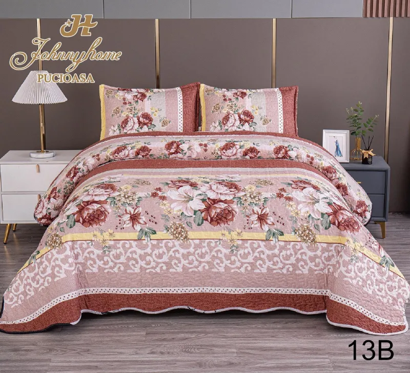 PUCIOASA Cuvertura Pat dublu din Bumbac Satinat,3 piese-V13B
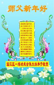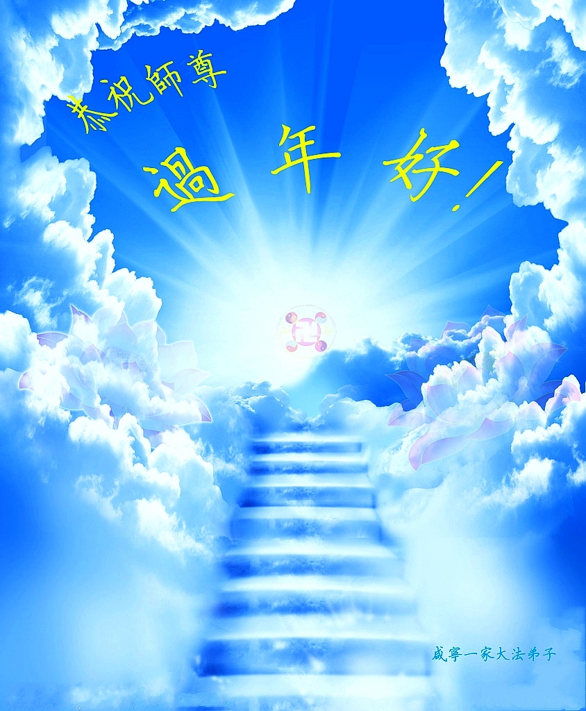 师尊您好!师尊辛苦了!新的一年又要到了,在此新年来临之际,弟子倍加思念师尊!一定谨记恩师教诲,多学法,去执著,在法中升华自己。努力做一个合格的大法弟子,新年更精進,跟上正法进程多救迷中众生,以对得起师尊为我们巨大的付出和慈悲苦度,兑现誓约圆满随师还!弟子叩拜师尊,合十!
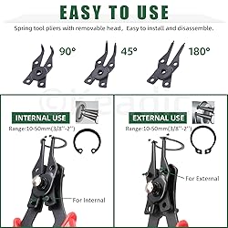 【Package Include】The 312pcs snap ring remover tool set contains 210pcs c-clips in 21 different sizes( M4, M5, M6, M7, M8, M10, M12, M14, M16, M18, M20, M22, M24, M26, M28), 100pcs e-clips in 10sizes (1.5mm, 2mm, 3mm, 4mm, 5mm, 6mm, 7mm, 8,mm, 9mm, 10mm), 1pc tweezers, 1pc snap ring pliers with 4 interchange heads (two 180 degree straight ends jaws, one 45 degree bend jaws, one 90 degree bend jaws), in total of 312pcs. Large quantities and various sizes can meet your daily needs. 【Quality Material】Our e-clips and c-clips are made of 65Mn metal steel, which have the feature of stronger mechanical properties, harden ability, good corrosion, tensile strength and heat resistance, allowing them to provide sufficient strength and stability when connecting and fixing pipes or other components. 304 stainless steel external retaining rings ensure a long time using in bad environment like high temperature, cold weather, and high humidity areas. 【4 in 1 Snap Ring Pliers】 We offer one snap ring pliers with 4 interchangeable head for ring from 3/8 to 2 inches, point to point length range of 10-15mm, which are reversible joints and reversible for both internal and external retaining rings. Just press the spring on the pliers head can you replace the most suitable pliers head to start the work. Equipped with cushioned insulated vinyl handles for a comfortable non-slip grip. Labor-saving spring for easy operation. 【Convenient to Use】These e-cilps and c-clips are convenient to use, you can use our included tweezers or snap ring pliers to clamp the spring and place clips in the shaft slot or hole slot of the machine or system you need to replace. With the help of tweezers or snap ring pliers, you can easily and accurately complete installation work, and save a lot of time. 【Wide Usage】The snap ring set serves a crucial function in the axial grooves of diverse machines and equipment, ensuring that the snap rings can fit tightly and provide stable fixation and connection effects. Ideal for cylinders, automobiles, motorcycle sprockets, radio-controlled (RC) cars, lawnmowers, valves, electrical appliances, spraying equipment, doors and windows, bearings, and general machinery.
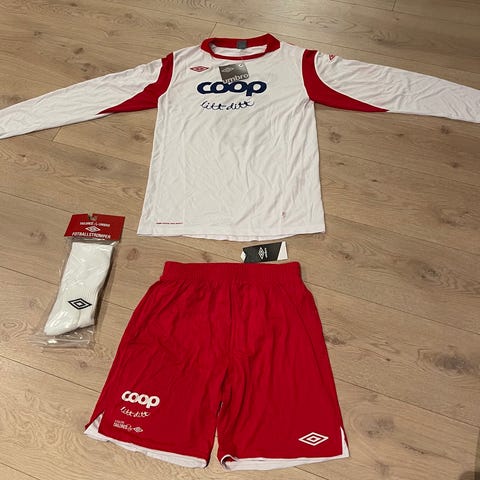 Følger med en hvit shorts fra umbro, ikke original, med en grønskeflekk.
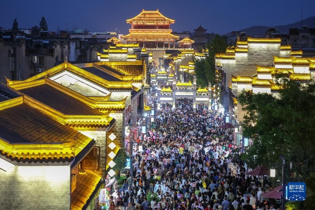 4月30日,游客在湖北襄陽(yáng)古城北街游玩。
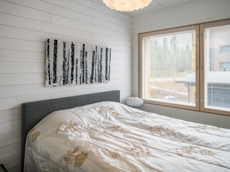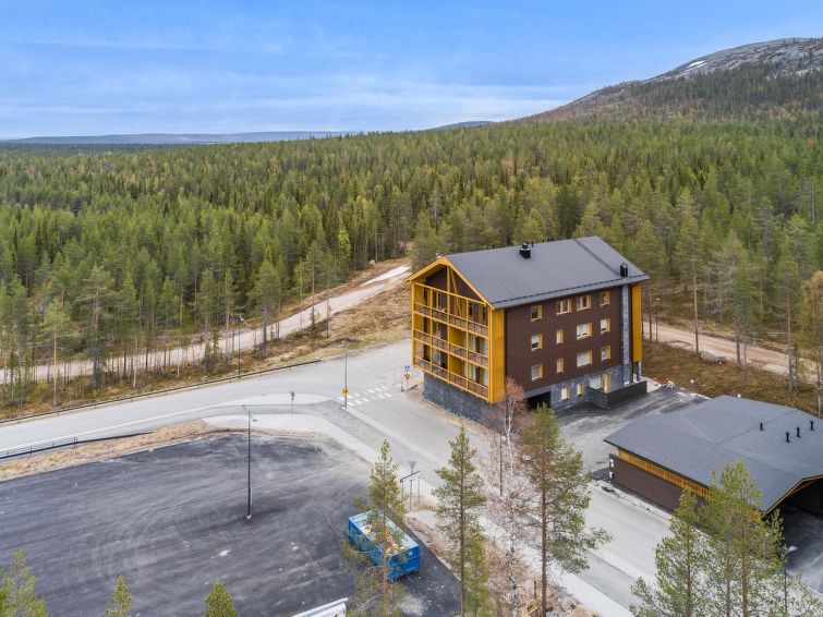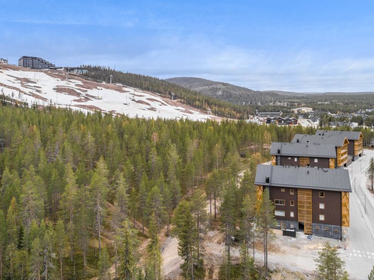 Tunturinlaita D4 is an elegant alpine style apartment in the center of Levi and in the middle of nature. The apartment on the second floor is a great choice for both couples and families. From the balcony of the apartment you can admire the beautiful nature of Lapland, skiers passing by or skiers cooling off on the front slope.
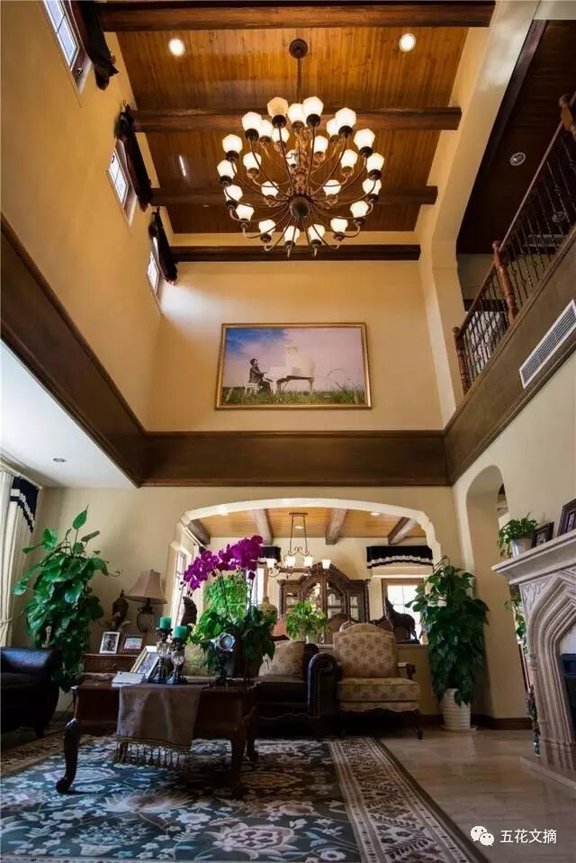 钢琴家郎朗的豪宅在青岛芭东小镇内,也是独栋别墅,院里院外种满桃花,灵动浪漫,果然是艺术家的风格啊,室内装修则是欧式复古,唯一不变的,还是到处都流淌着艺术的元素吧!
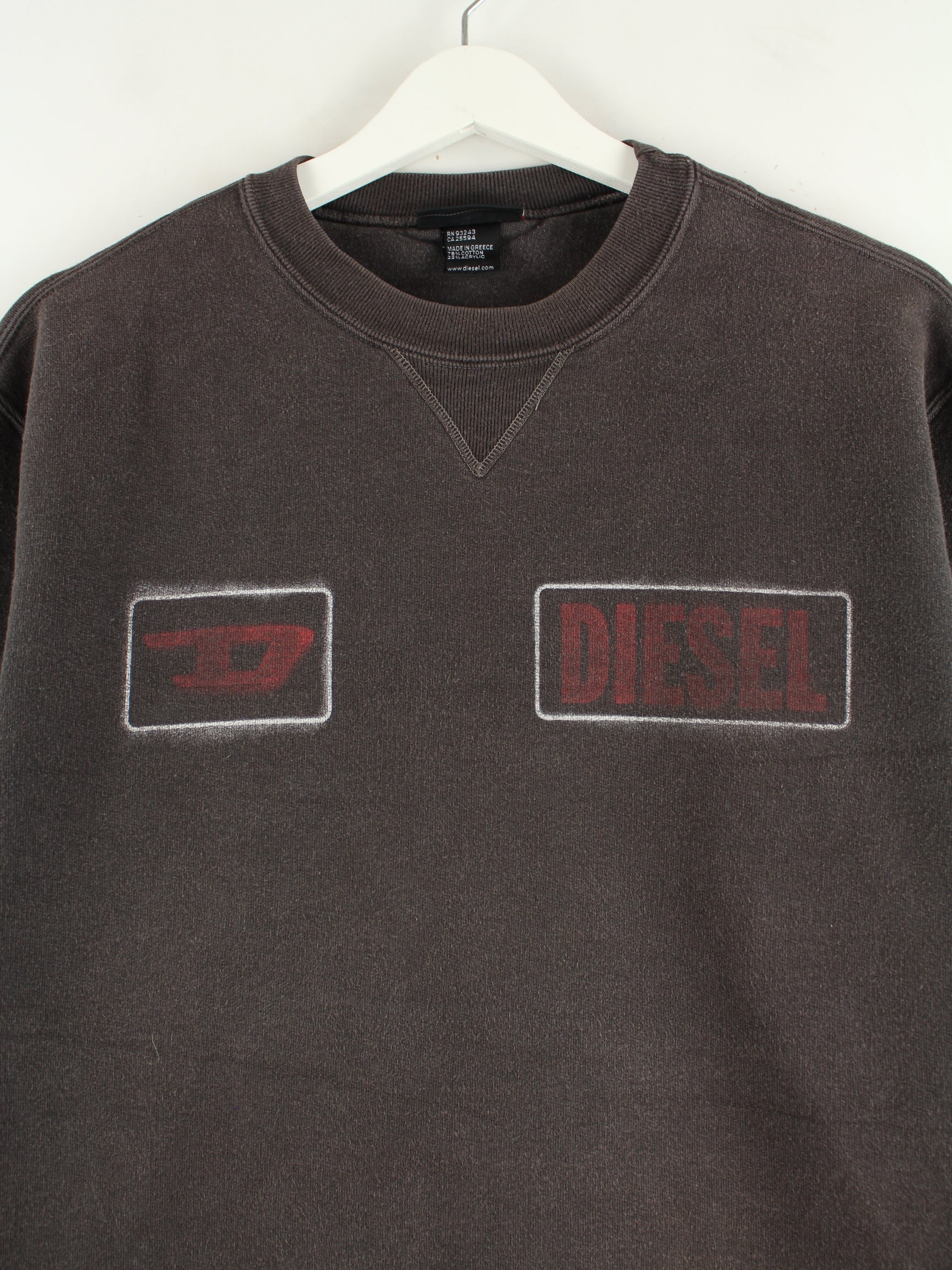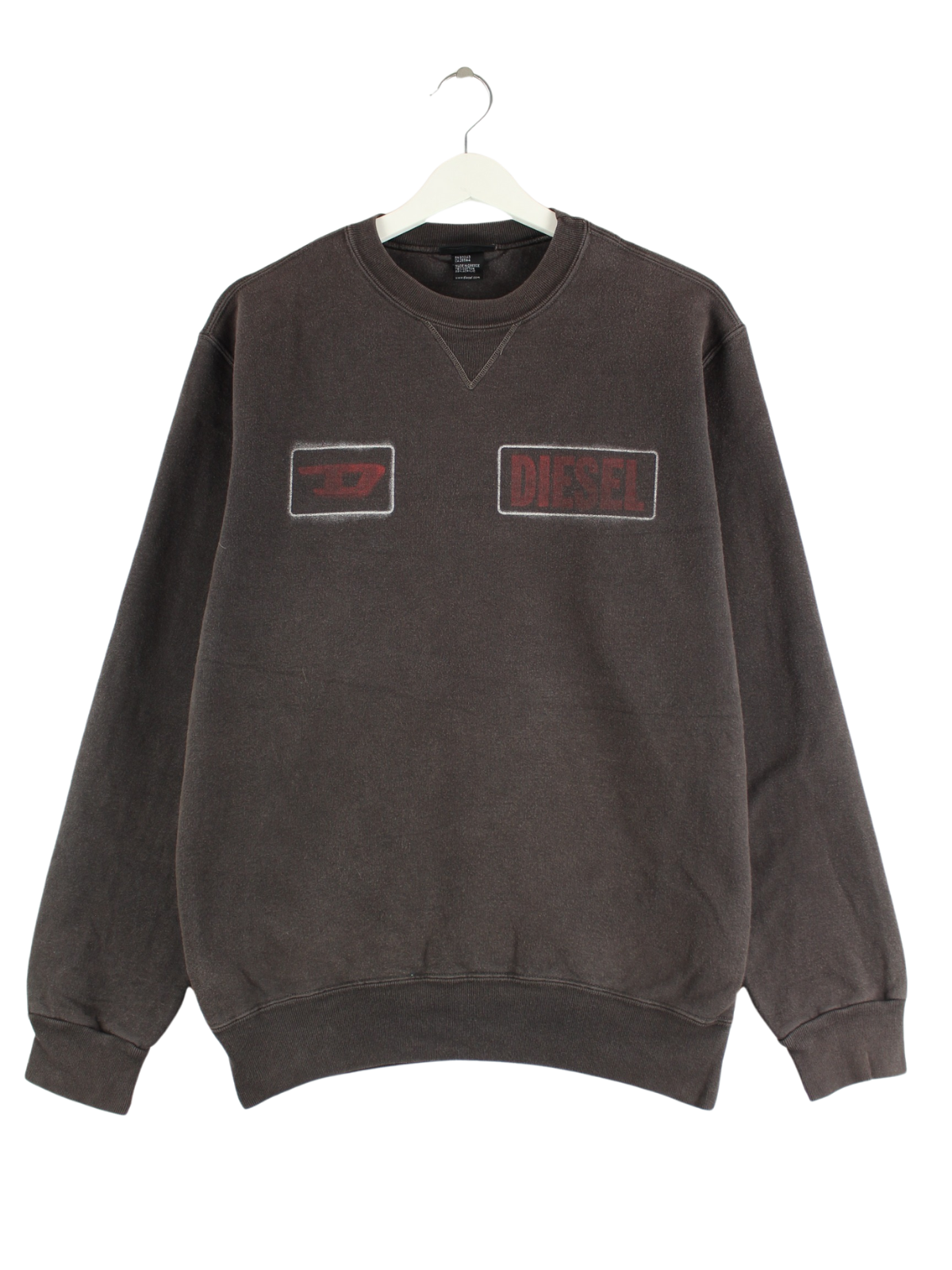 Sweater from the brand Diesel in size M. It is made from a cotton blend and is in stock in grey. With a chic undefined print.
- - - - - - -
* _Task objective_:
What is needed is an exact repeat of only the lines from the one containing "钢琴家郎朗的豪宅在青岛芭东小" through the last line of the listing above, both ends included, without the pictures.

* _Response area_:
 钢琴家郎朗的豪宅在青岛芭东小镇内,也是独栋别墅,院里院外种满桃花,灵动浪漫,果然是艺术家的风格啊,室内装修则是欧式复古,唯一不变的,还是到处都流淌着艺术的元素吧!
 Sweater from the brand Diesel in size M. It is made from a cotton blend and is in stock in grey. With a chic undefined print.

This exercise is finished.